FIG. 3.

Phylogenetic hypothesis of relationships among luminous bacteria based on lux and rib gene sequences. The tree is unrooted because bacterial lux genes are present only in members of the Vibrionaceae, Shewanellaceae, and Enterobacteriaceae; no outgroup bearing the lux genes is known. The total number of aligned nucleotide positions in the data set is 11,021; exclusion of noncoding spacer regions and parsimony-uninformative characters resulted in 4,745 nucleotides for analysis. The single most parsimonious hypothesis is shown (length, 13,739; consistency index, 0.615; retention index, 0.712).

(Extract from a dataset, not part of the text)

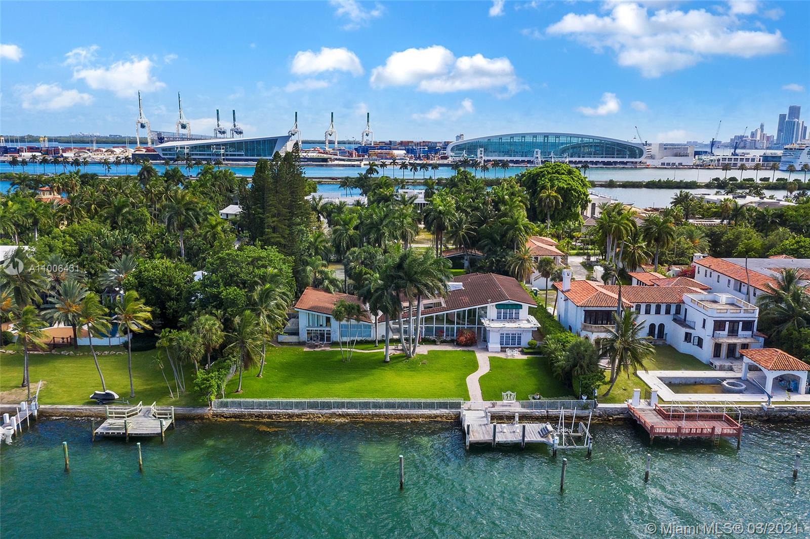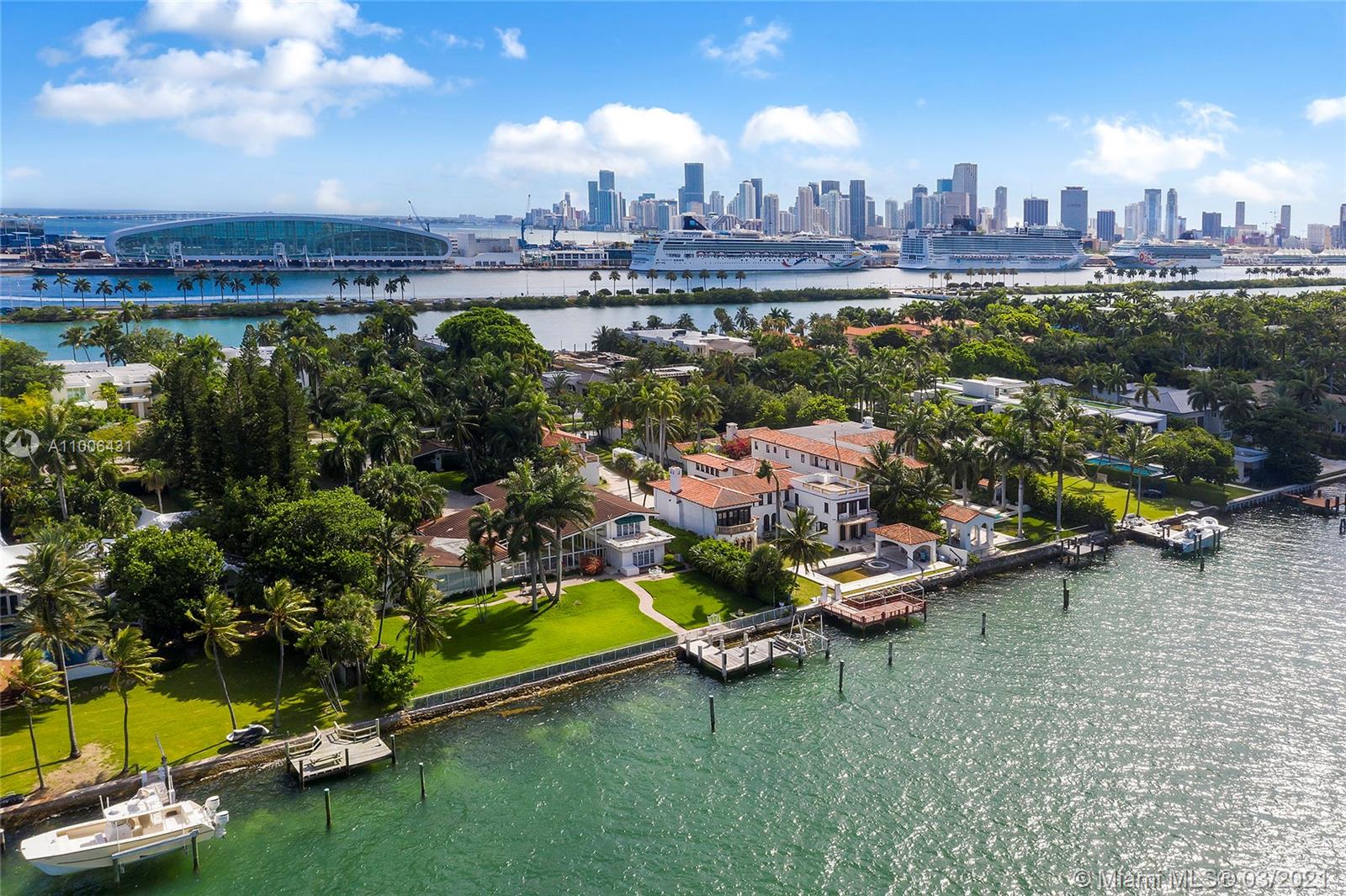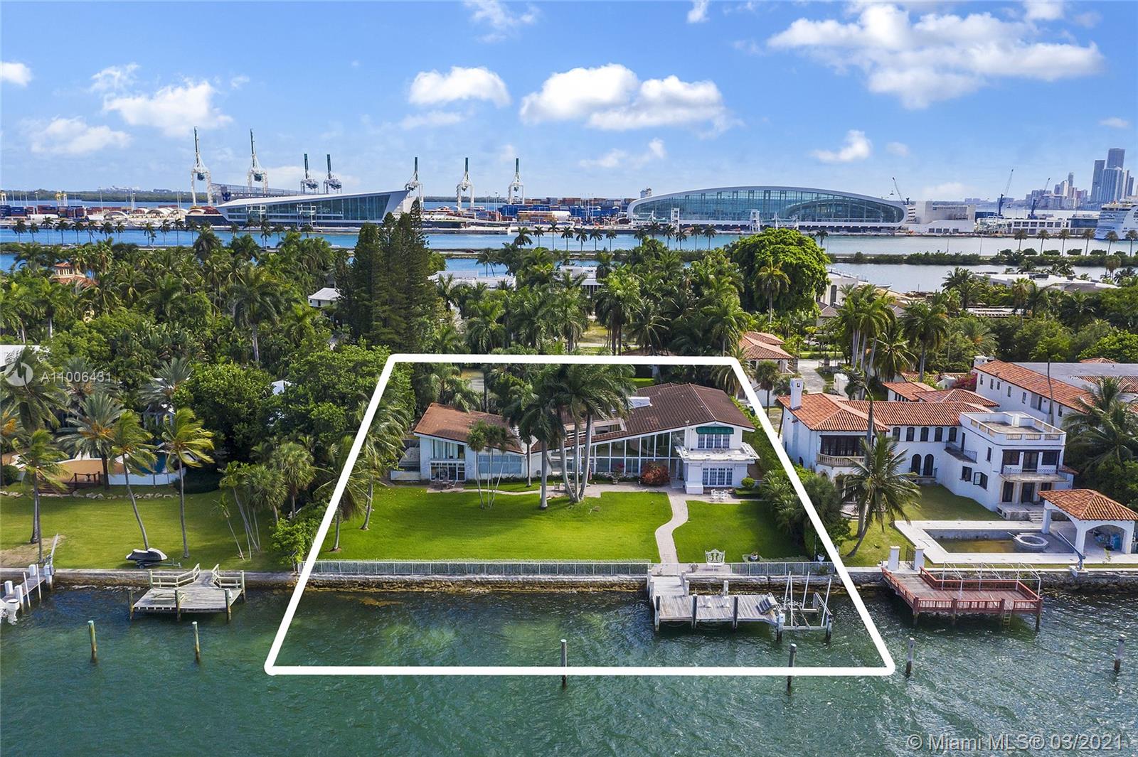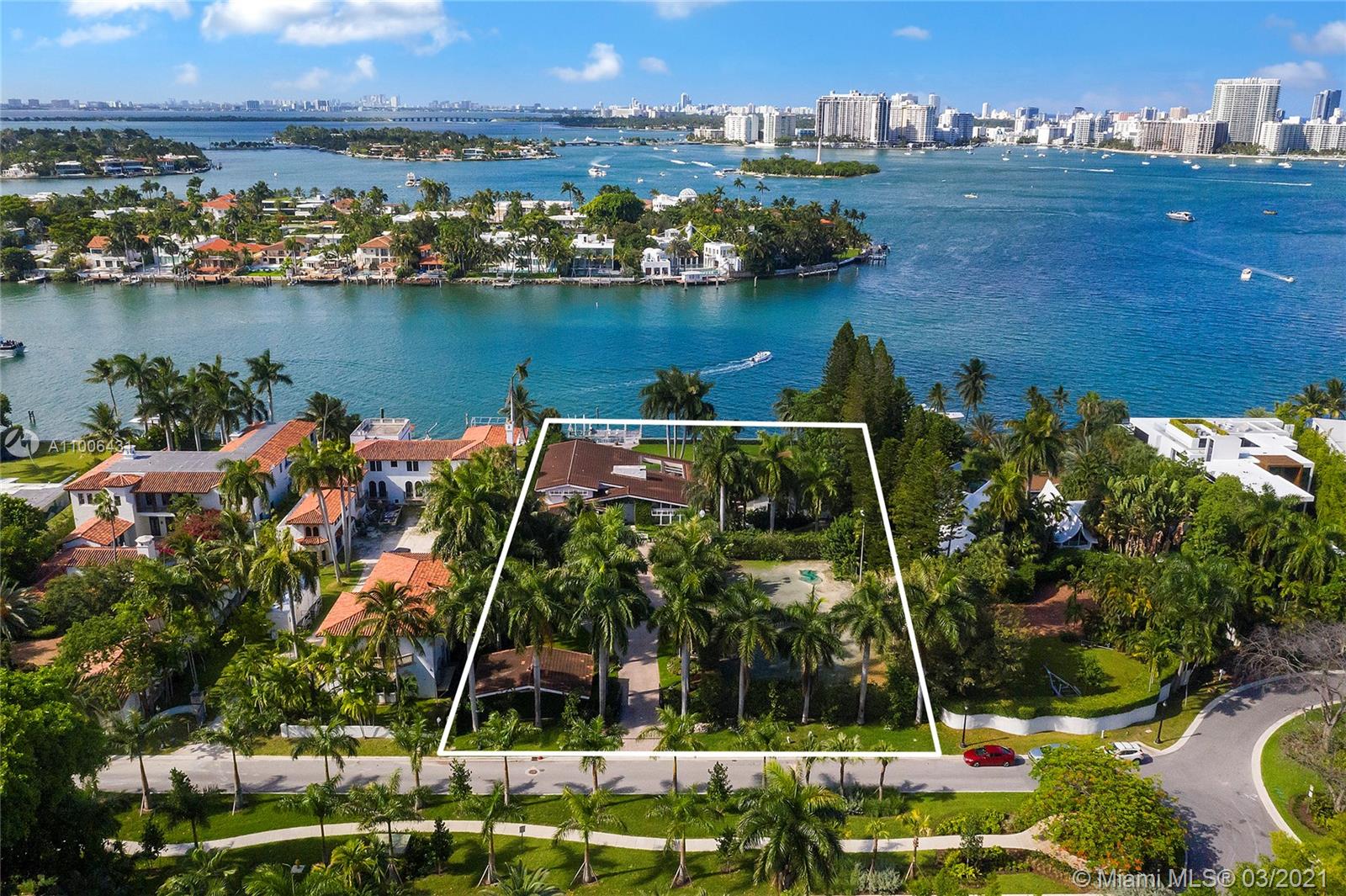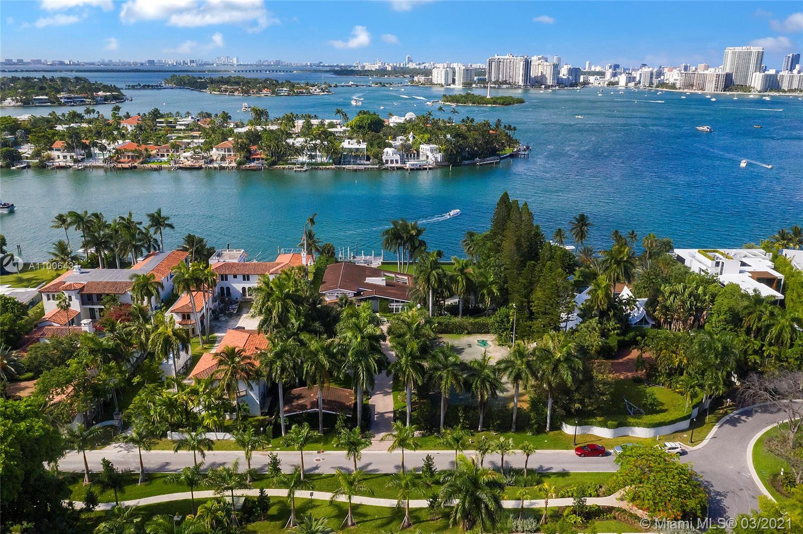 A rare opportunity on the Estate section of guard-gated Palm Island with 150’ linear wide Biscayne Bay waterfront. The unique 45,000 SF waterfront property ready to build up to 22,500 SF home, with plenty of privacy. Existing dockage capable of accommodating large vessels. A true gem waiting to be rediscovered, with hard to find lighted Tennis Court & separate Guest House. Views facing North towards Star Island & Miami Beach. Enjoy all of Palm Island's amenities including tennis & basketball courts, playground and 24 hour police security, centrally located with easy access to all of Greater Miami’s main attractions. Owner willing to Develop & deliver a finished new construction home for an asking price of $34M.

Numbers at nodes are jackknife resampling values. The two lux-rib operons from P. leiognathi strains lnuch.13.1, lelon.2.1, and lnuch.21.1 (circled with dashed line) have distinct sequences but are each other's closest relatives (circled inset below the main figure; the asterisk indicates that the jackknife value is for the same branch on each part of the figure). The primary lux-rib operon (lux-rib₁) is proximal to putA in all strains, whereas the secondary lux-rib operon (lux-rib₂) is flanked by putative bacterial transposases in strain lnuch.13.1. Phylogenetic analysis based on housekeeping genes (i.e., gapA, gyrB, recA, rpoA, and rpoD) of Photobacterium species yielded trees consistent with the lux-rib hypothesis shown here.